With just over a week to go until the annual Tour de Munster 2012, which takes place on Thursday, August 9, until Sunday, August 12, the cyclists are getting ready for their big day.
The event will see 150 amateur cyclists cycle over 600km around the six counties of Munster, in aid of beneficiary Down Syndrome Ireland (DSI Munster branches) and cycling legend Sean Kelly will also be joining the cyclists for his seventh year.
Last year’s event raised a staggering €300,000 and they are hoping to raise even more this year so please help cheer on the cyclists as they pass through Tipperary at Stage 1 of their journey!
Thursday, August 9:
Clogheen Community Hall 1.15pm – 2pm
Cahir 2.30pm – 2.30pm
Tipperary Town 3.15pm – 3.25pm
Boher 4.25pm – 4.50pm
Newport 5.40pm – 5.40pm
Birdhill 6.10pm – 6.10pm
Visit http://www.tourdemunster.com/route.html for further details.
Now in its 12th year, the Tour de Munster is four-day 650km charity cycle which takes participants on a very demanding route through all the counties of Munster.
Participants collect individual sponsorship and the tour is accompanied by volunteers who hope to leverage the event with collections in the cities, towns and villages along the route.
Everyone participating in the event covers their own costs so that all funds raised through the 2012 event will go directly to the six branches of Down Syndrome Ireland in Munster.
Down Syndrome Ireland is an organisation of people with Down Syndrome and their parents and guardians which was established in 1971. It has over 3,000 member families with 25 branches nationwide and is funded by voluntary contributions and events organised by its members. It is the biggest single group concerned with the welfare of people with a learning disability in Ireland. The principal aims of the association are as follows:-
o To provide a counselling service and information to parents and guardians of persons with Down syndrome, especially those with new-born babies.
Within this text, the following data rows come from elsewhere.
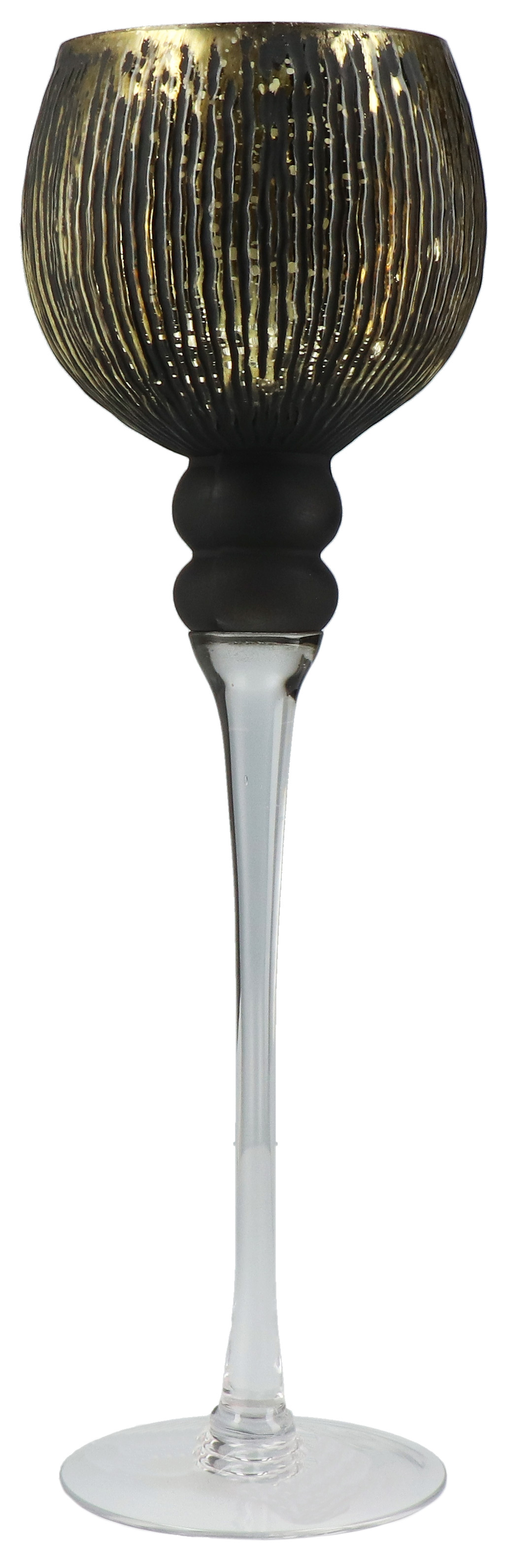 Dieses Weihnachts-Windlicht überzeugt durch seinen edlen schwarzen Fuß und elegante Optik.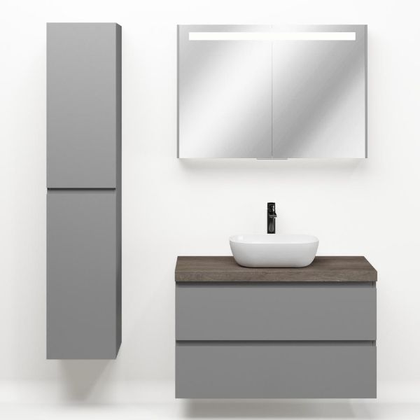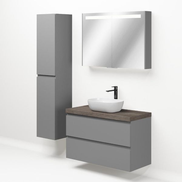 Greeploos badkamermeubel in de kleur licht grijs mat is 100 cm breed. Op het meubel ligt een afdekplaat met een gelamineerde toplaag of volledig gemaakt van natuursteen.
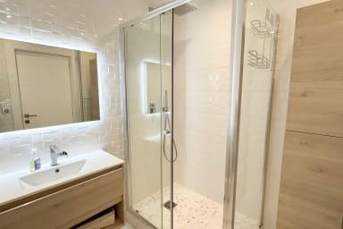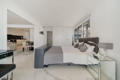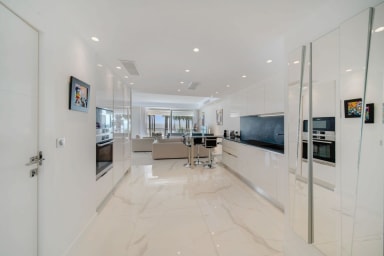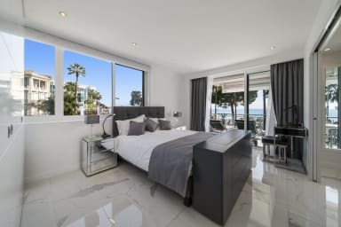 Modern renovated apartment with 2 bedrooms and 2 bathrooms, south facing large terrace with panoramic view of the sea and the Lerins Islands.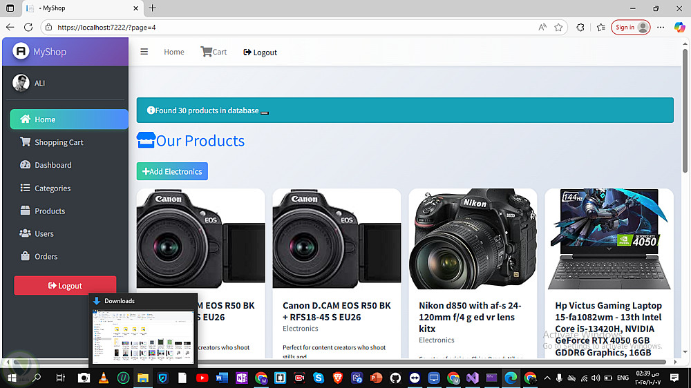 طوّرتُ نظام إدارة متجر إلكتروني متكامل باستخدام ASP.NET MVC وjQuery لدعم كلٍّ من دور المدير والمستخدم (العميل).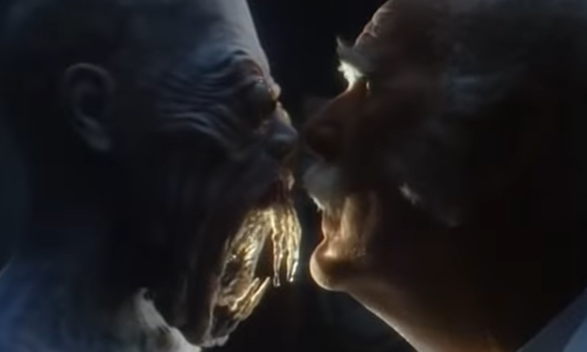 03:38 La Bush, smiling smugly, serves tea to the General and then stands there waiting for his next command. Close-up on 2: wait! The face changes to that of the banshee! This is followed by a montage of all the faces of her victims.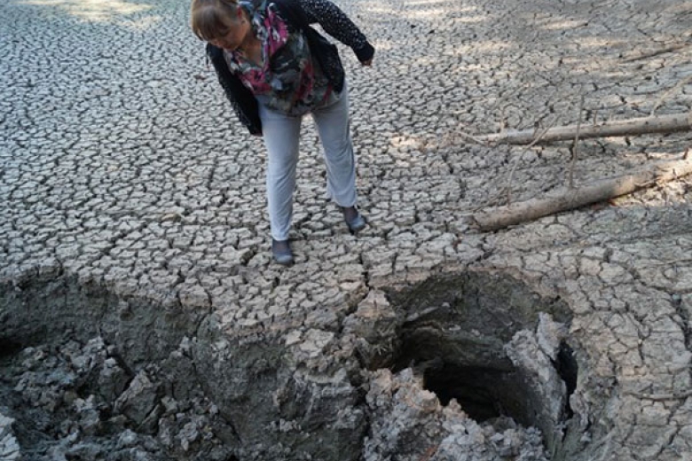 Озеро Тобечик под Керчью в последние недели пересохло с тало напомнать лунную поверхность. Из 18,7 квадратных километров водой покрыто не более 10% водоема. А остальную территорию покрывает соляная корка, под которой живут микроорганизмы.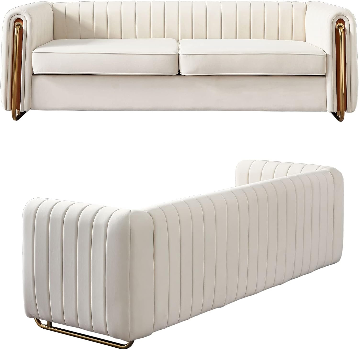 • ✨ Modern Elegance: Sleek velvet sofa with gold metal legs, perfect for enhancing your living room, bedroom, or office decor.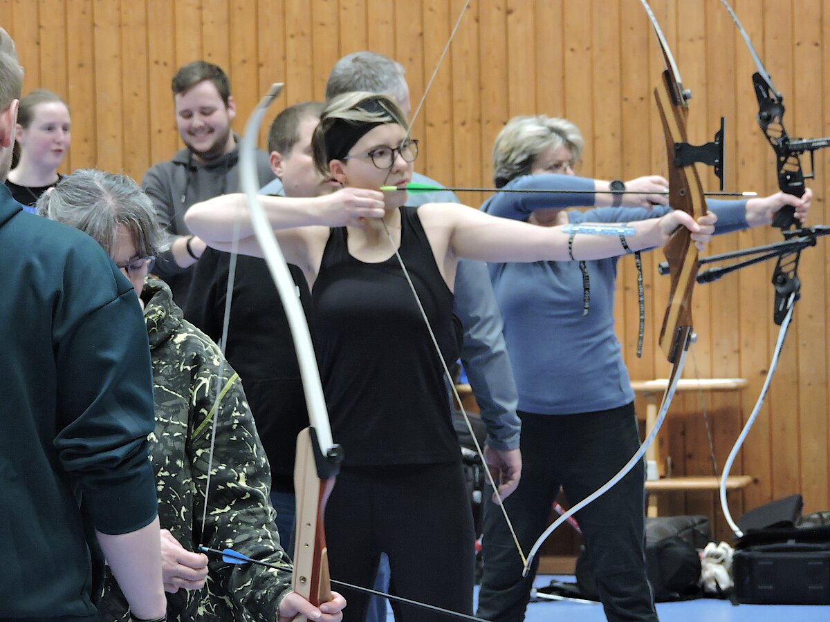 Als Höhepunkt wurden die zukünftigen Gewehr- und Pistolentrainer*innen von den werdenden Bogentrainer*innen im praktischen Umgang mit Pfeil und Bogen angeleitet.
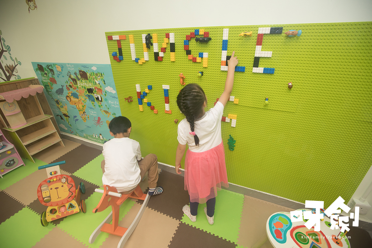 LEGO牆當然可以讓小朋友發揮創意喔,而且動物玩具原來也是LEGO來的,可以把它們砌上牆上。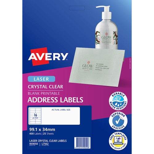 For a perfect transparent effect, Avery Crystal Clear labels virtually disappear when applied to white and coloured surfaces, giving a professional printed-on look. Ideal for envelopes, letters and product labelling, these high gloss clear labels look incredible on white and coloured backgrounds, glass, plastic and metal. Incredibly durable (oil, dirt, splash and tear proof) and ideal for addressing on wedding invitations, coloured envelopes and for corporate events.
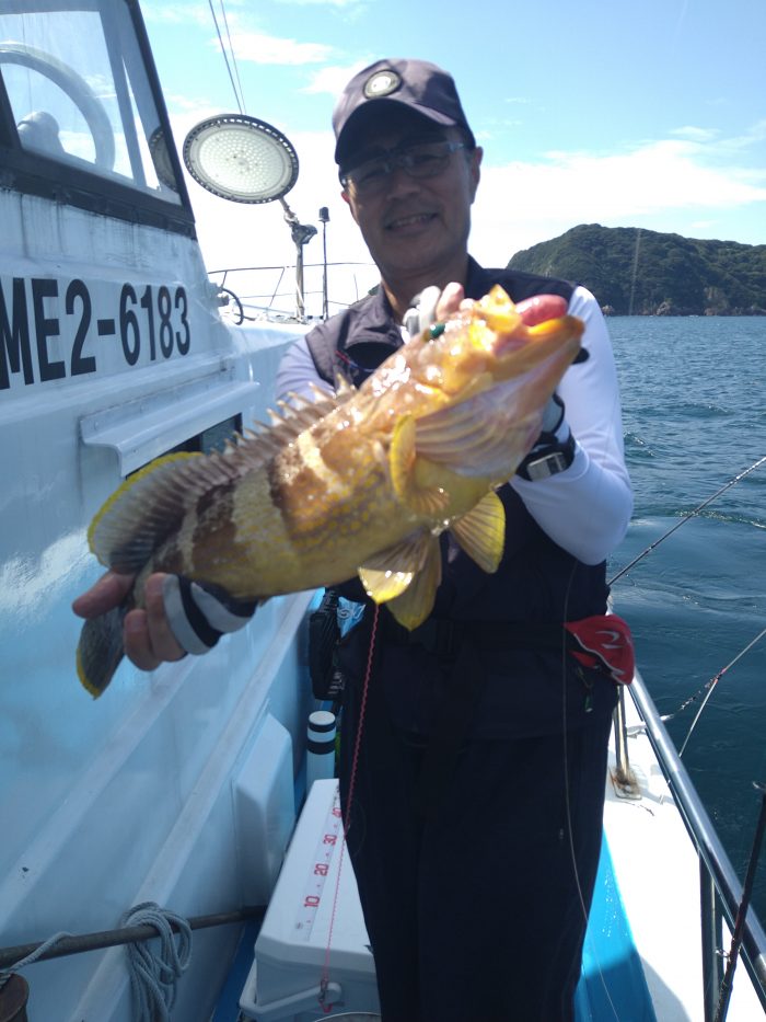 後半風が強くなりシャロー浅場でグット真鯛67センチ、ワラサ(メジロ)69センチ、アオハタ40センチオーバー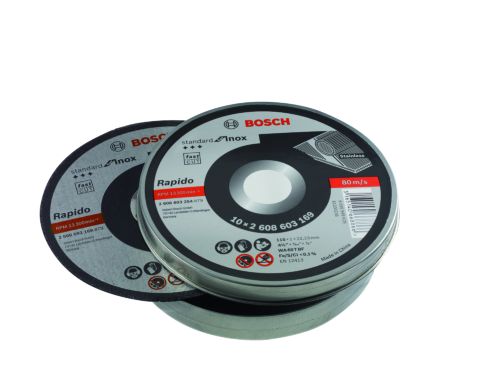 Lata metalica con 10 discos de corte de la gama Standard for para corte de Inox 115 x 1 mm. Cortes limpios, finos y sin rebabas. Gama Standard mas economica. Normativa EN 12143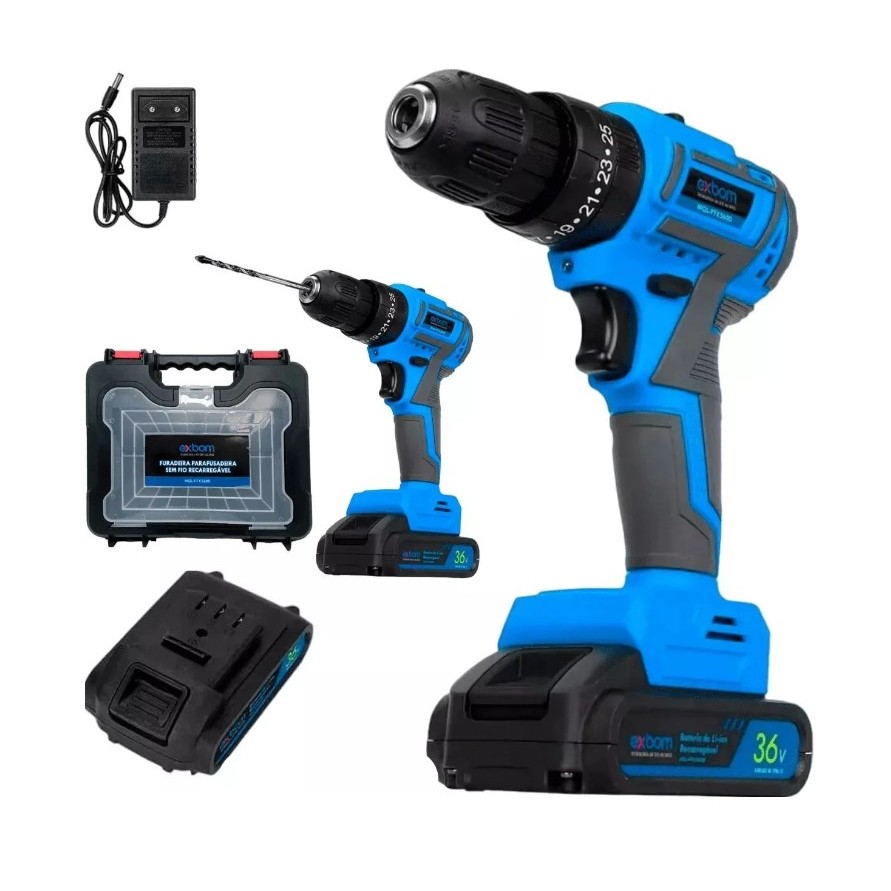 Furadeira e Parafusadeira Sem Fio Recarregável 36V com 2 Baterias e Maleta MQL-PFX5600 EXBOM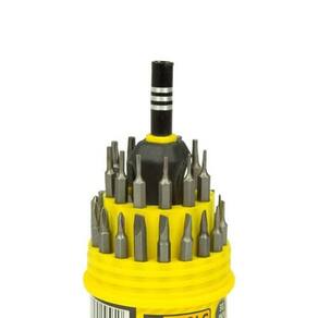 Com 31 peças de alta qualidade, cada chave possui cabo emborrachado para garantir conforto e segurança durante o uso. Além disso, o encaixe da chave é imantado, facilitando o manuseio de parafusos e evitando quedas indesejadas.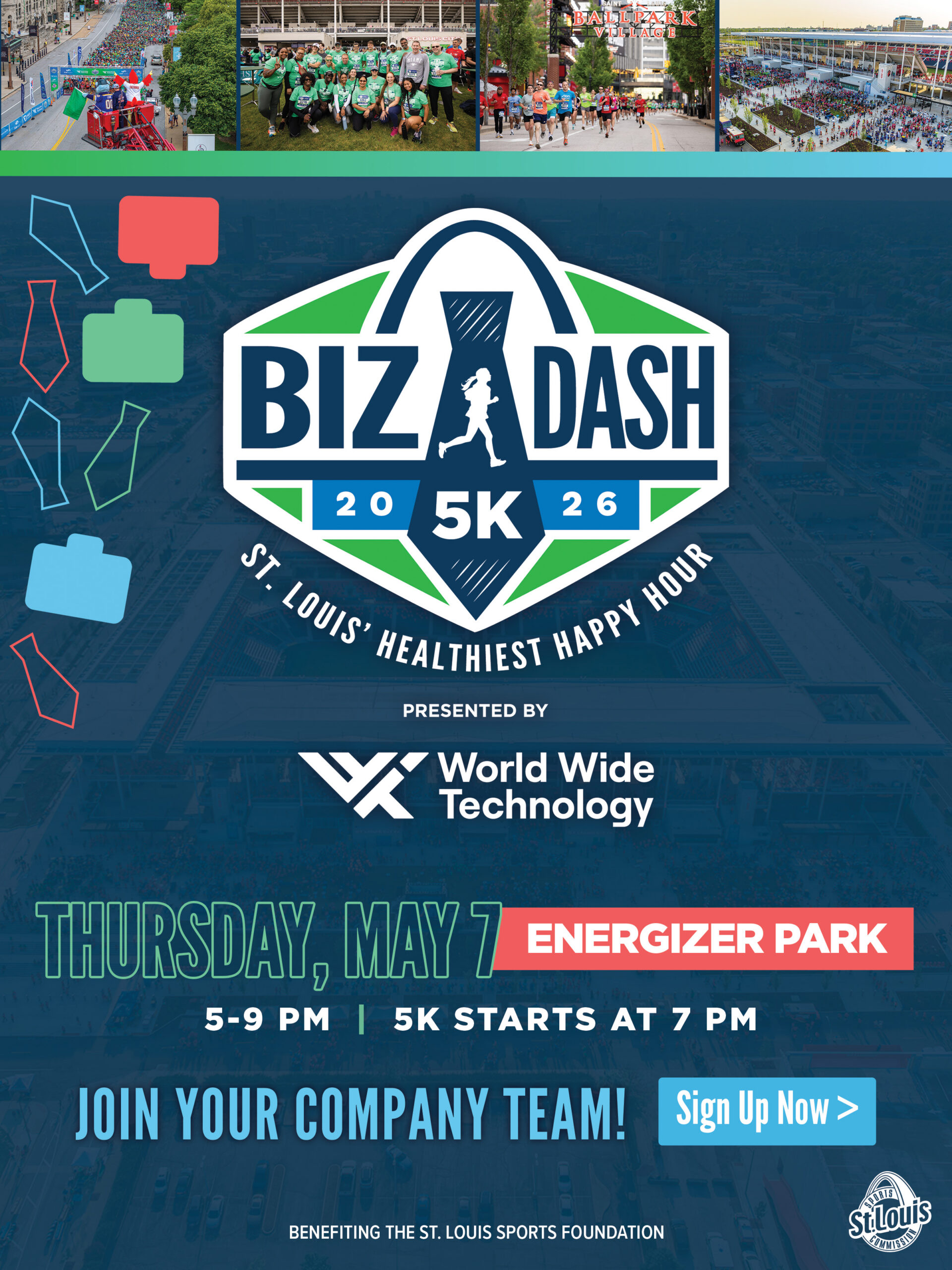 Content: [Company Name] will be participating in the 2026 Biz Dash 5K! We invite all levels of runners and walkers to join our team with code (insert code). The Biz Dash is Thursday, May 7 at Energizer Park from 5-9pm (5K starts at 7pm). Make sure you submit the Biz Dash for wellness points too! Sign up at stlbizdash.com.
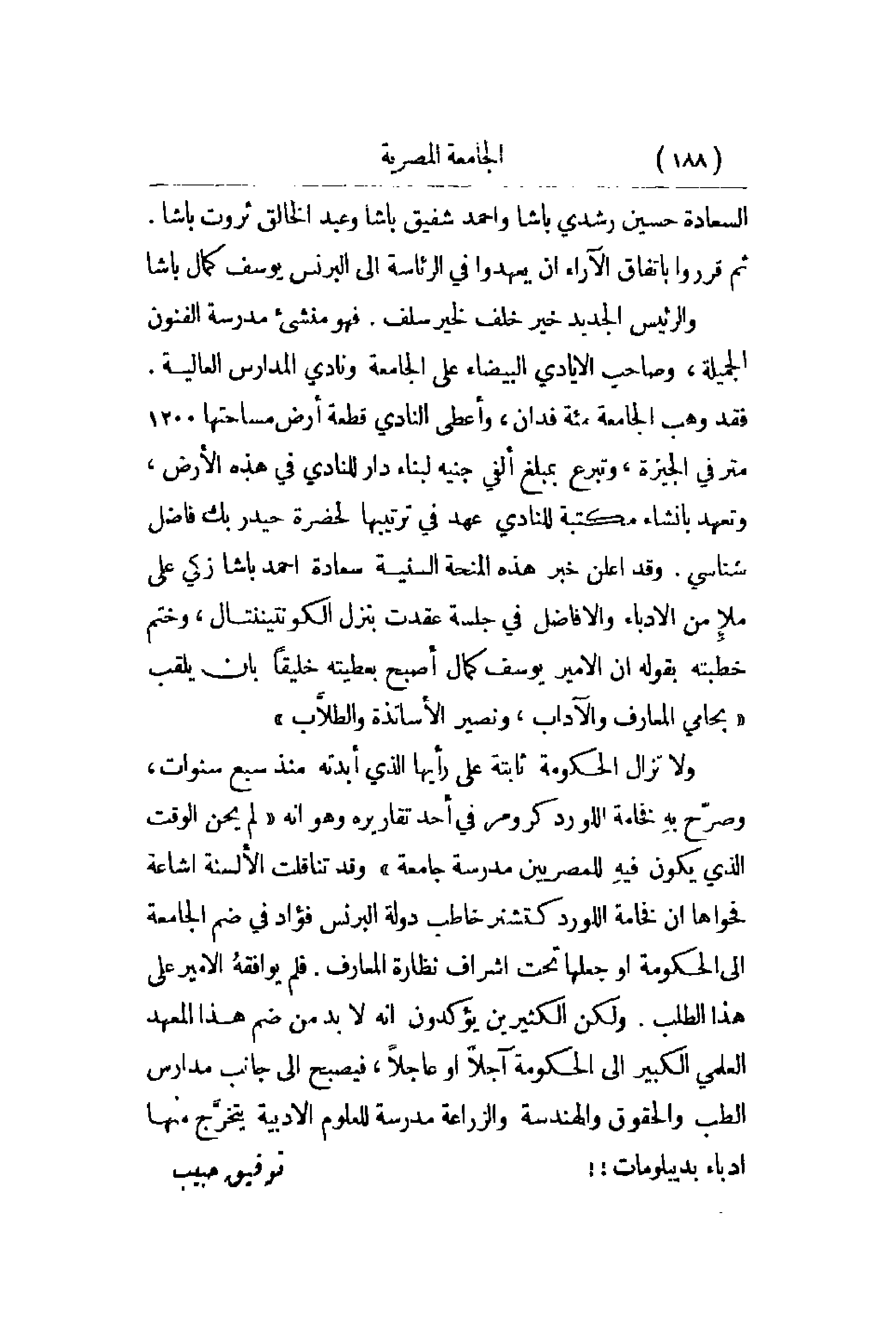 السعادة حسين رشدي باشا وأحمد شفيق باشا وعبد الخالق ثروت باشا. ثم قرروا باتفاق الآراء أن يعهدوا في الرئاسة إلى البرنس يوسف كمال باشا والرئيس الجديد خير خلف لخير سلف. فهو منشئ مدرسة الفنون الجميلة , وصاحب الأيادي البيضاء على الجامعة ونادي المدارس العالية. فقد وهب الجامعة مئة فدان , وأعطى النادي قطعة أرض مساحتها 1200 متر في الجيزة , وتبرع بمبلغ ألفي جنيه لبناء دار للنادي في هذه الأرض , وتعهد بإنشاء مكتبة للنادي عهد في ترتيبها لحضرة حيدر بك فاضل شناسي. وقد أعلن خبر هذه المنحة السنية سعادة أحمد باشا زكي على ملأِ من الأدباء والأفاضل في جلسة عقدت بنزل الكونتيننتال , وختم خطبته بقوله أن الأمير يوسف كمال أصبح بعطيته خليقاً بأن يلقب بحامي المعارف والآداب , ونصير الأساتذة والطلاَّب ولا تزال الحكومة ثابتة على رأيها الذي أبدته منذ سبع سنوات , وصرّح بهِ فخامة اللورد كرومر في أحد تقاريره وهو أنه لم يحن الوقت الذي يكون فيهِ للمصريين مدرسة جامعة وقد تناقلت الألسنة إشاعة فحواها أن فخامة اللورد كتشنر خاطب دولة البرنس فؤاد في ضم الجامعة إلى الحكومة أو جعلها تحت إشراف نظارة المعارف. فلم يوافقهُ الأمير على هذا الطلب. ولكن الكثيرين يؤكدون أنه لابد من ضم هذا المعهد العلمي الكبير إلى الحكومة آجلاً أو عاجلاً , فيصبح على جانب مدارس الطب والحقوق والهندسة والزراعة مدرسة للعلوم الأدبية يتخرَّج منها أدباء بديبلومات!!

o To ensure that proper and appropriate educational facilities are available to children with Down syndrome, with the realistic option of attending mainstream national schools.
o To promote research into the causes of Down syndrome, and to keep parents informed of developments taking place at home and abroad for the advancement and care of people with Down syndrome.
o To liaise with the Departments of Health and Children; Social, Community and Family Affairs; Education and Science; and Enterprise, Trade and Employment; and with other relevant authorities and national organisations.
o To provide a forum where parents and guardians can meet and exchange views and ideas.
o To establish a system of advocacy and guardianship for adults and children with Down syndrome who have lost their parents.
o The ultimate objective is the integration of people with Down syndrome into the community with full citizen’s rights as laid down in European Union directives and the United Nations charter.